= Jorge Americano =

Brazilian judge

Jorge Americano (August 25, 1891 – February 6, 1969) was a Brazilian jurist, politician, writer, and professor who served as a judge of the Permanent Court of Arbitration in The Hague. He is also remembered for his writings on civil procedure and international law.

== Biography ==
Born in São Paulo, he completed his secondary education at the Gymnásio do Estado de São Paulo before enrolling at the Faculty of Law of São Paulo. As a student, he began working as a scrivener and graduated in 1912. In 1915, after a brief stint at the state's Department of Finance, he joined the Public Prosecutor's Office, working in Bebedouro and later Atibaia. In 1921, he moved to Santos, where he established his law office and prepared to apply for a professorship at his alma mater.

In 1926, he obtained his habilitation in civil law with the thesis Dos Direitos que se exteriorizam pela Posse. The following year, he was elected a state deputy for São Paulo running for the Paulista Republican Party. During his tenure, he was part of the commission that organized the state's civil procedure code. In 1928, he was appointed Chief Prosecutor of the state of Rio de Janeiro by Washington Luís, but abandoned the office with the Revolution of 1930.

Settled in São Paulo, he continued his law practice alongside lecturing as a substitute professor at the Faculty of Law and teaching Brazilian literature at the Colégio de São Bento and civil law at the Escola de Comércio Álvares Penteado. After supporting the Constitutionalist Revolution of 1932, he was elected federal deputy and partook in the 1933 Constituent Assembly. The same year, he was appointed full professor at the Arcadas with the thesis Ensaio sobre o Enriquecimento sem causa. During this period, he also worked as a jurisconsult.

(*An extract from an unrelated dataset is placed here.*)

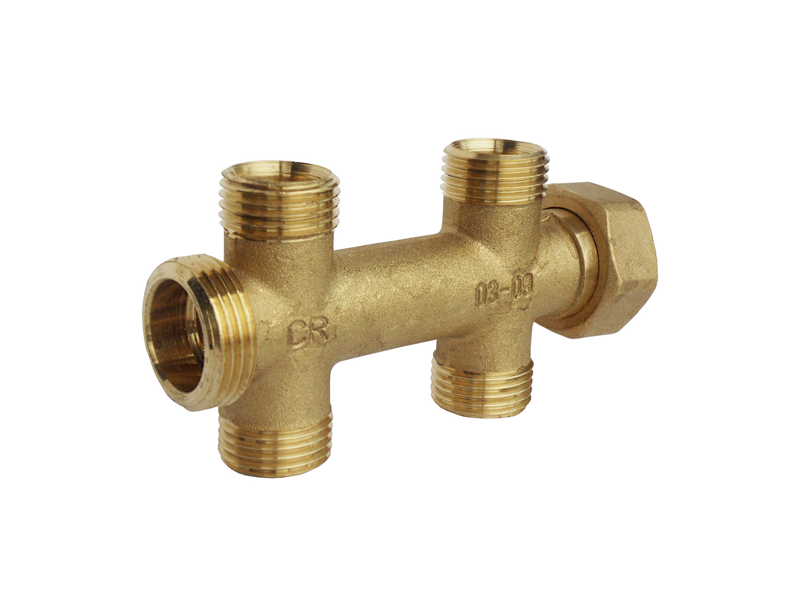 Alpex fördelare med två avstick upp och två avstick ner. En utvändig och en invändig gänga med utvändig gänga på avsticken. PN10. Material avzinkningshärdig mässing.

In 1941, he was appointed rector of the University of São Paulo, serving until 1946. In 1945, he acted as secretary of education of the state of São Paulo. In 1948, he became the first president of the Sociedade Brasileira para o Progresso da Ciência. He was active in the establishment of the Faculty of Law of Mackenzie Presbyterian University and served as its first director. He authored the cycle of memoirs São Paulo Naquele Tempo (1957), São Paulo Nesse Tempo (1962), and the posthmous São Paulo Neste Tempo, recounting his impressions of the growing metropolis.